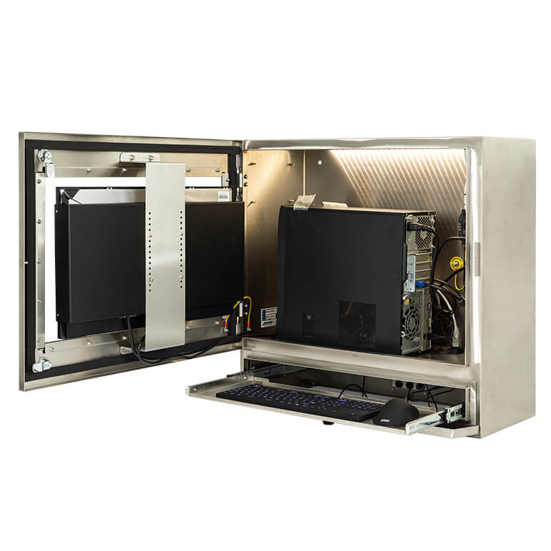 De waterdichte computerkast is geschikt voor pc's en VESA-compatibele 24-inch monitoren van de meeste fabrikanten. Hierdoor kunt u de meest geoptimaliseerde pc voor uw behoeften gebruiken. Het computerwerkstation kan gedurende vele jaren, meerdere generaties pc's beschermen en biedt een uitstekend investeringsrendement.
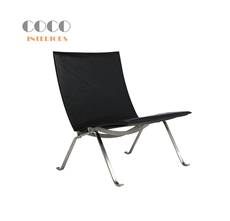 PK22椅简约经典休闲单椅实心不锈钢皮质沙发椅等候商务椅现代极简
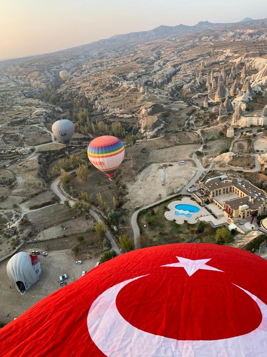 NEVŞEHİR(TRENDHABER)- Cumhuriyet Bayramı nedeniyle Türkiye’nin en önemli turizm merkezlerinden biri olan Kapadokya bölgesinde sıcak hava balonları, bu sabahki uçuşlarına sepetlerine Türk Bayrakları ...

- Brief -
Would you copy all the material exactly, dropping the pictures?

- Solution to this problem -
 De waterdichte computerkast is geschikt voor pc's en VESA-compatibele 24-inch monitoren van de meeste fabrikanten. Hierdoor kunt u de meest geoptimaliseerde pc voor uw behoeften gebruiken. Het computerwerkstation kan gedurende vele jaren, meerdere generaties pc's beschermen en biedt een uitstekend investeringsrendement.
 PK22椅简约经典休闲单椅实心不锈钢皮质沙发椅等候商务椅现代极简
 NEVŞEHİR(TRENDHABER)- Cumhuriyet Bayramı nedeniyle Türkiye’nin en önemli turizm merkezlerinden biri olan Kapadokya bölgesinde sıcak hava balonları, bu sabahki uçuşlarına sepetlerine Türk Bayrakları ...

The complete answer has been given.